[Opening DATA IN THIS EXERCISE section]

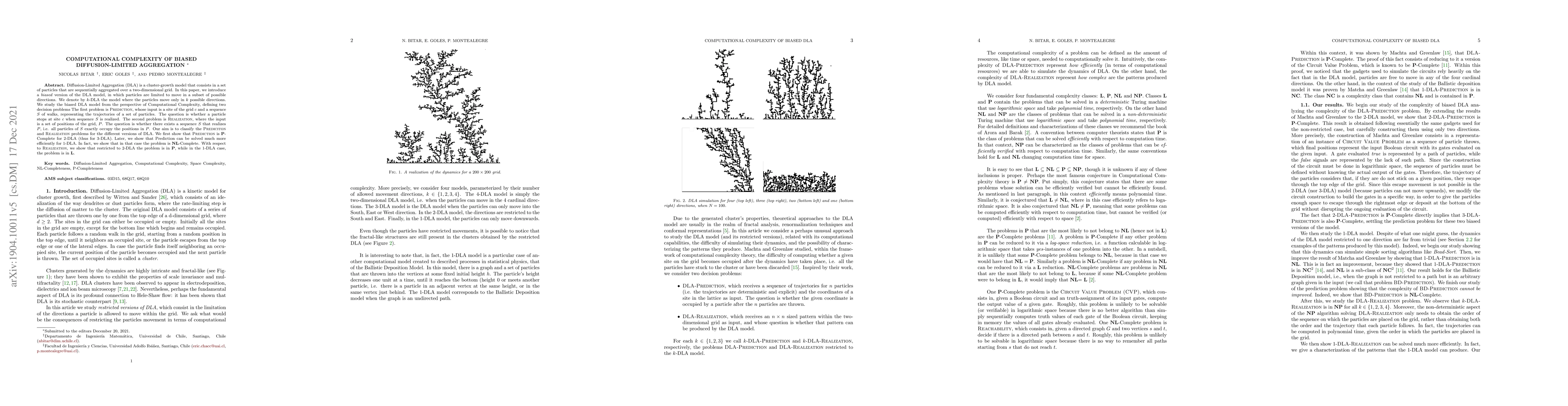 Diffusion-Limited Aggregation (DLA) is a cluster-growth model that consists in a set of particles that are sequentially aggregated over a two-dimensional grid. In this paper, we introduce a biased version of the DLA model, in which particles are limited to move in a subset of possible directions. We denote by $k$-DLA the model where the particles move only in $k$ possible directions. We study the biased DLA model from the perspective of Computational Complexity, defining two decision problems The first problem is Prediction, whose input is a site of the grid $c$ and a sequence $S$ of walks, representing the trajectories of a set of particles. The question is whether a particle stops at site $c$ when sequence $S$ is realized. The second problem is Realization, where the input is a set of positions of the grid, $P$. The question is whether there exists a sequence $S$ that realizes $P$, i.e. all particles of $S$ exactly occupy the positions in $P$. Our aim is to classify the Prediciton and Realization problems for the different versions of DLA. We first show that Prediction is P-Complete for 2-DLA (thus for 3-DLA). Later, we show that Prediction can be solved much more efficiently for 1-DLA. In fact, we show that in that case the problem is NL-Complete. With respect to Realization, we show that restricted to 2-DLA the problem is in P, while in the 1-DLA case, the problem is in L.
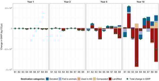 Calculated life cycle GWP for fresh produce redistributed in the New York Capital Region. These factors considered agricultural production [75,76,77,78,79,80], retailing [81], transportation [27,82], and waste management options: animal feed [72,83], composting [84], anaerobic digestion [85], and landfilling [86]. GWP life cycle impact factors (GWP.IFs) for each fresh produce category destination were calculated based on donation sources (farm and retail) and destination (e.g., donation, composting, landfill). Due to the lack of available data, GWP.IFdonation excludes transportation from food pantries to households. GWP.IFanimal feed accounts for avoided emissions from substituting corn in feed, using a 7:1 waste replacement ratio [72] and irrigated corn production [83]. GWP.IFAD considers avoided emissions from the process [85], utilizing food waste for natural gas and electricity generation [87]. We used the value for food waste to anaerobic digestion with biogas used for electricity generation. GWP.IFcomposting reflects the composting process [84]. GWP.IFlandfill includes emissions from produce landfilling based on the WARM model v.16 [86], accounting for energy recovery from operational landfill gas-to-energy projects in New York State [88], where most facilities convert waste to electricity, although the specific energy recovery method for several facilities is unknown. Calculations of GWP.IFs are provided in the technical appendix (Supplementary File S1, Table S7).
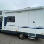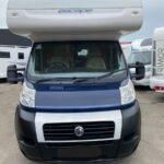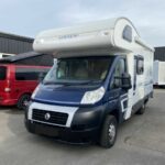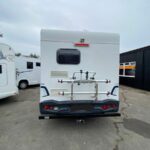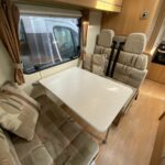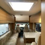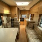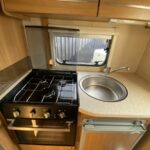 - The rear kitchen area consists of a 3 burner hob, sink, Thetford oven and grill, and a Thetford fridge with a freezer compartment
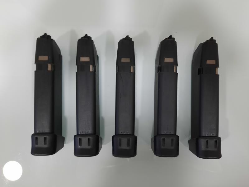 Se venden 5 cargadores glock originales para modelo 17, 4 GEN, con tacon +2, con muy poco uso y 01
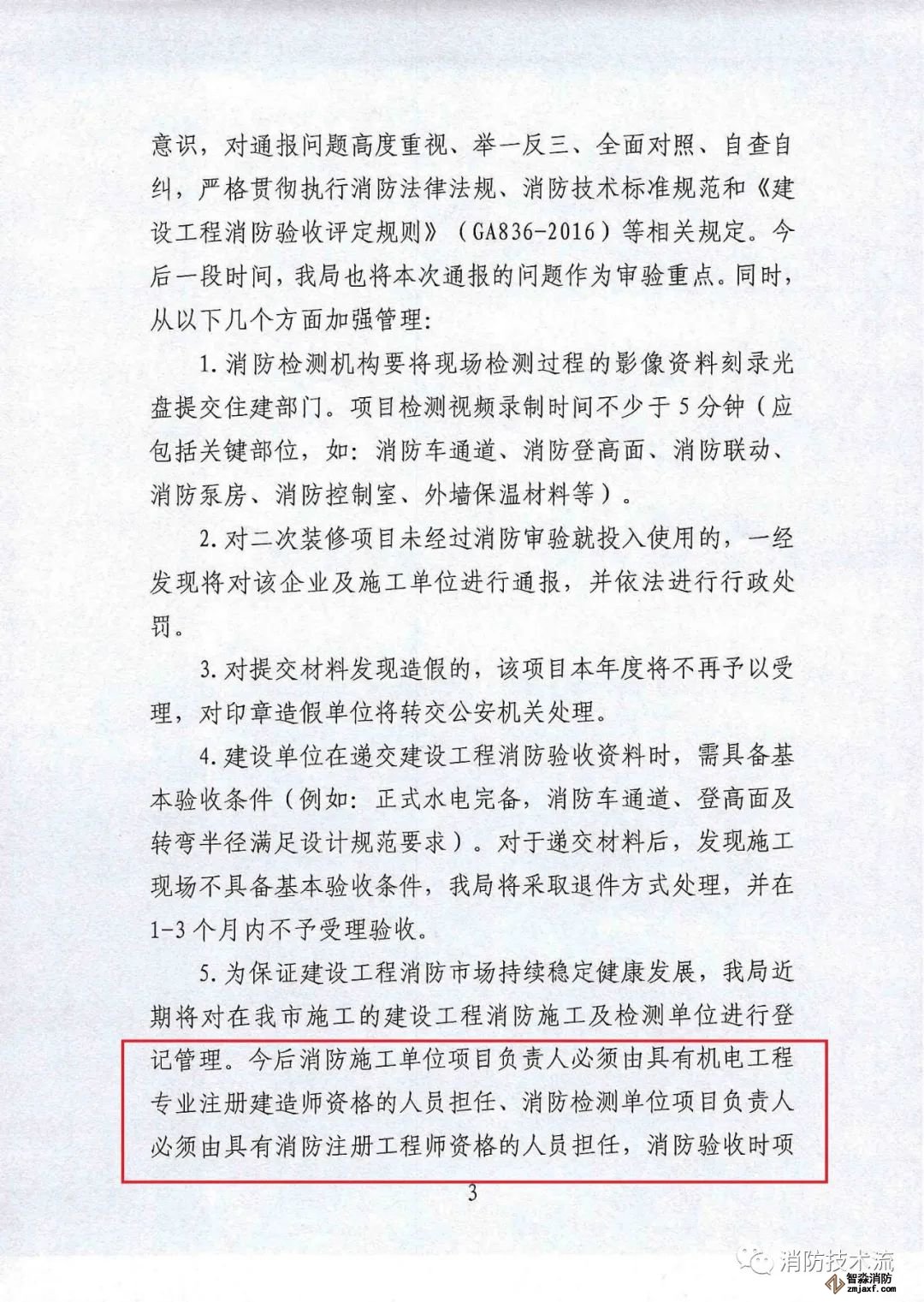 山東省煙臺市住房和城鄉(xiāng)建設局2月10日發(fā)布《關于我市建設工程消防設計審查和驗收中存在問題的通報》,明確指出:今后消防施工單位項目負責人必須由具有機電工程專業(yè)注冊建造師資格的人員擔任、消防檢測單位項目負責人必須由具有消防注冊工程師資格的人員擔任,消防驗收時項目負責人必須到場。

[Closing DATA IN THIS EXERCISE section]

▶ _PROBLEM DETAILS_: Transcribe exactly, and only, the lines from the one with "Se venden 5" through the final line of the data above. The pictures stay out.

▶ _ANSWER SPACE_:
 Se venden 5 cargadores glock originales para modelo 17, 4 GEN, con tacon +2, con muy poco uso y 01
 山東省煙臺市住房和城鄉(xiāng)建設局2月10日發(fā)布《關于我市建設工程消防設計審查和驗收中存在問題的通報》,明確指出:今后消防施工單位項目負責人必須由具有機電工程專業(yè)注冊建造師資格的人員擔任、消防檢測單位項目負責人必須由具有消防注冊工程師資格的人員擔任,消防驗收時項目負責人必須到場。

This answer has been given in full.